What Makes Science Special?

30.04.2019 |

Episode #1 of the course How science works by Benjamin Keep

 

Welcome to How Science Works!

This is a course about what it means to do science and have scientific knowledge. In the next ten lessons, we will cover several different answers to the question of how science works, addressing issues about the nature of scientific explanations, the role of instruments in creating scientific knowledge, the role of evidence in resolving scientific controversies, and much more. To discuss these issues, I draw on what is now called “science studies” literature: stuff written by folks who want to explore science (as opposed to stars, plants, animals, or chemicals) as an object of study.

I first started taking courses on the history and philosophy of science as a law student. After working as an attorney at the intersection of science and law, I pursued (and completed) a PhD, focusing on the development of scientific reasoning and new forms of scientific research. Now, you’re stuck with me for the next ten lessons!

 

What Is It about Science?

Science is special. We give “scientific” findings more credit than your old-timey uncle talking about his days in the rodeo. But how special is it? And what makes it so?

Science offers compelling explanations about the world around us—often non-intuitive ones. The tiny lights you see at night are giant balls of burning gas hurtling at unimaginable speeds trillions of miles away from us. Science also the backbone of modern technological development. Every time we look up directions somewhere on our phones, the software has to account for important things, like relativity. Scientific findings aren’t always right—in fact, there are almost never completely correct descriptions of some phenomena. But science has a pretty good track record.

Science is also, however, historically contingent. Scientific knowledge always has the potential of being overturned. Newtonian physics was (and still is) immensely powerful for predicting the motion of the heavens. But if you thought it was “the truth” about planetary motion in the late 1800s, you would be facing strong arguments against your beliefs by the early 1900s when relativity came on the scene.

It’s also a social enterprise. Scientists do a great deal of tedious work: preparing chemicals, writing endless articles and grant applications, and fiddling with that broken instrument that never works quite right. Scientists argue with one another. They form friendships and long-lasting collaborations. They get jealous and frustrated. They decide to go in one research direction instead of another.

Something about this whole system creates knowledge that we can, for the most part, rely on. But what? The rest of this course tries to answer this question.

 

A First Stab: Reason and Experience

There’s something about the way that reason and experience fit together that makes science a particularly productive way of learning about the world.
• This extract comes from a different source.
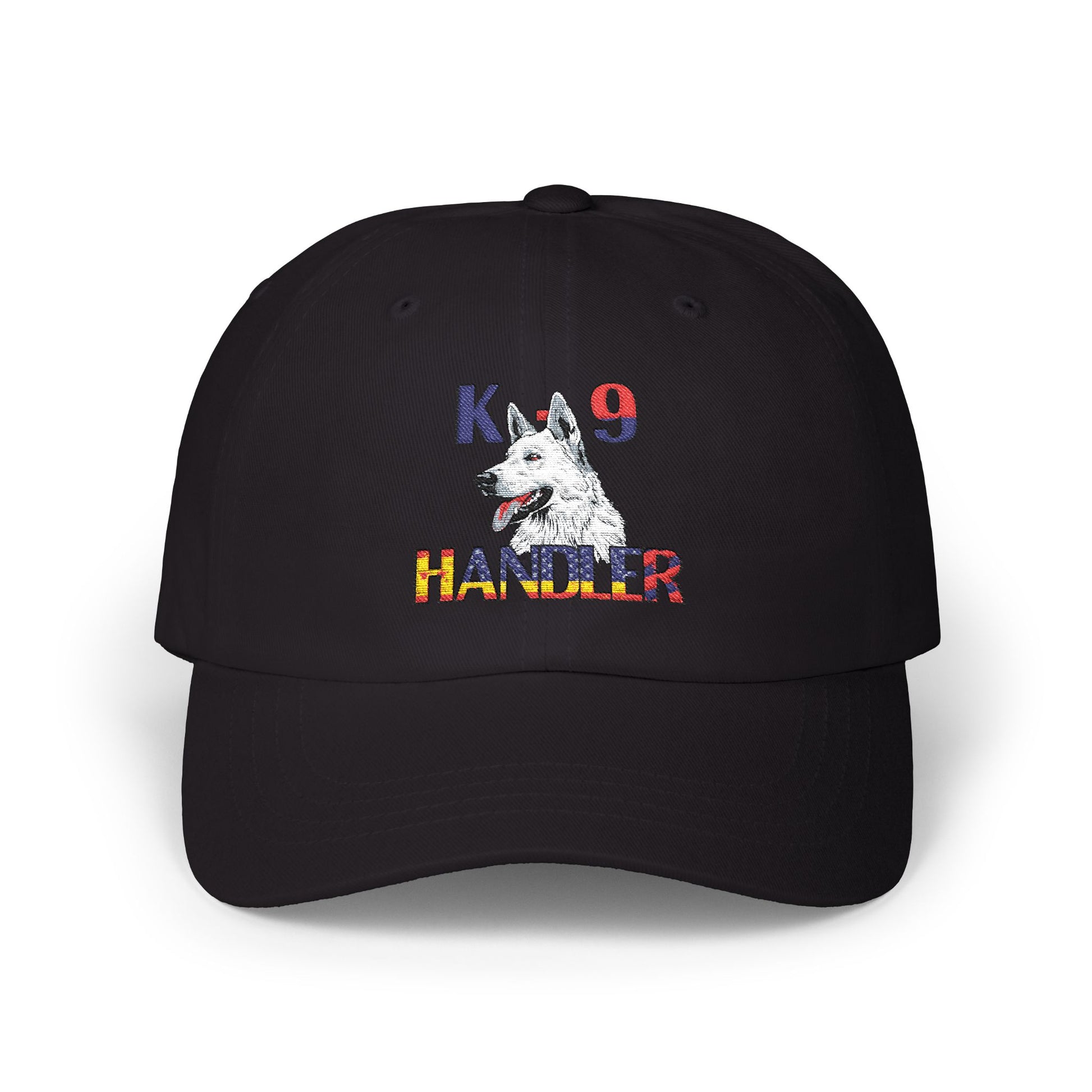 Embroidered Police Themed K9 Handler Classic Dad Cap Featuring a White German Shepherd

Reason alone seems inadequate. Plato could spend a hundred lifetimes thinking about the way the world should be, without creating modern scientific knowledge. You can’t reason your way into knowing that there are over 40 species of dolphins in the world—or that there are dolphins at all! It seems equally unlikely—to me, at least—that you could reason your way into the laws of thermodynamics, without, say, working with experiments, instruments, and mathematical models. Even if you came up with the idea, how would you know it had any relationship to how the world actually works?

And not just any kind of reasoning will do. Science adds knowledge—or at least, proposes knowledge—in a way that classical deductive reasoning does not. Deductive reasoning involves figuring out what must be true given a set of premises: All penguins have beaks; this animal is a penguin; therefore, this animal has a beak. With this kind of reasoning, we can be sure that the conclusion is true (given the premise). But we can never go beyond the information contained in the premise. What functions do beaks have? Why does a penguin have a beak and not some other mouth type? Certain kinds of questions require experience to answer.

But not just any kind of experience will do either. Some experiences are trustworthy. Some experiences are not. We are all, in fact, spinning around the earth’s axis at about 1,000 miles an hour. Doesn’t seem that way, does it? Often, scientific findings explicitly reject our everyday sensory experience. Rather, science structures experience to learn about the world. Scientists define variables precisely, measure them in standardized, repeatable ways, and manipulate variables carefully.

Any description of how science works has to propose ways that reason and experience work together.

 

One Model of How Science Works

Let’s begin by proposing a model of science that is in line with a few of our intuitions. It’s close to how I thought about science before I started thinking too hard about it.

• Science reveals actual truths about the world. So, for example, oxygen exists. It exists whether we call it oxygen or fluzzipop; it exists with or without us; it exists here and halfway across the universe.

• In science, we go about proving things true through something called the scientific method. All sciences use this method, and if you don’t use this method, you’re not doing science.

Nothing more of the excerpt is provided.